Over here commas are used to denote decimals. So MS decided to helpfully use the semicolon as a separator for csv files if your locale is set to german. Rather than wrapping the values in quotes. It's a PITA

link

dvh 1328 days ago

Not exactly that but your first step should be to use magic to determine file type: https://en.wikipedia.org/wiki/File_(command)

link

codeulike 1328 days ago

ETL tools and similar things will generally have a go at this.

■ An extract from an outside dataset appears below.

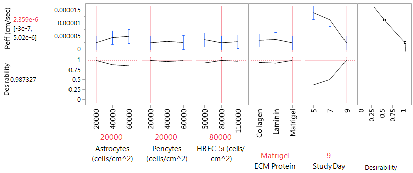 Figure 4 JMP 13.2 Prediction Profiler generated based on maximizing desirability for Peff based on DOEP. Optimal plating conditions 20,000 cells/cm2 astrocytes and pericytes, 80,000 cells/cm2 HBEC-5i, Matrigel, and 9 days of endothelial growth. Predicted Peff of 2.4 x 10-6 cm/sec for optimal conditions.

e.g. the Import Flat File wizard in SQL Server

Delimted File metadata tool in Talend

Basically they look at the first N rows and take a guess. If the guess turns out to be wrong its usually worse than not guessing at all.

link

Vohlenzer 1328 days ago

https://duckdb.org/docs/data/csv

link

LucianSpec 1327 days ago

quite interesting package~~

link

Akronymus 1328 days ago

In f# you could use type providers for that.

In C# there's source generators.

I am sure there are other options for other languages.

link

chewxy 1328 days ago

Yes. I built several of these before. The trick is to have a lattice of types at the ready.

link

tacostakohashi 1328 days ago

If a 'guess' is sufficient, just guess that all the columns are strings.

If that's not correct or good enough, then a guessing is not a sufficient solution for this problem.

link

LucianSpec 1327 days ago

yeah, csv type guess is just one of case. i more likely to have a metadata management solution beyond the data lake, maybe Ontotext Refine's goal is what i want, but it's approach from RDF really sucks.

link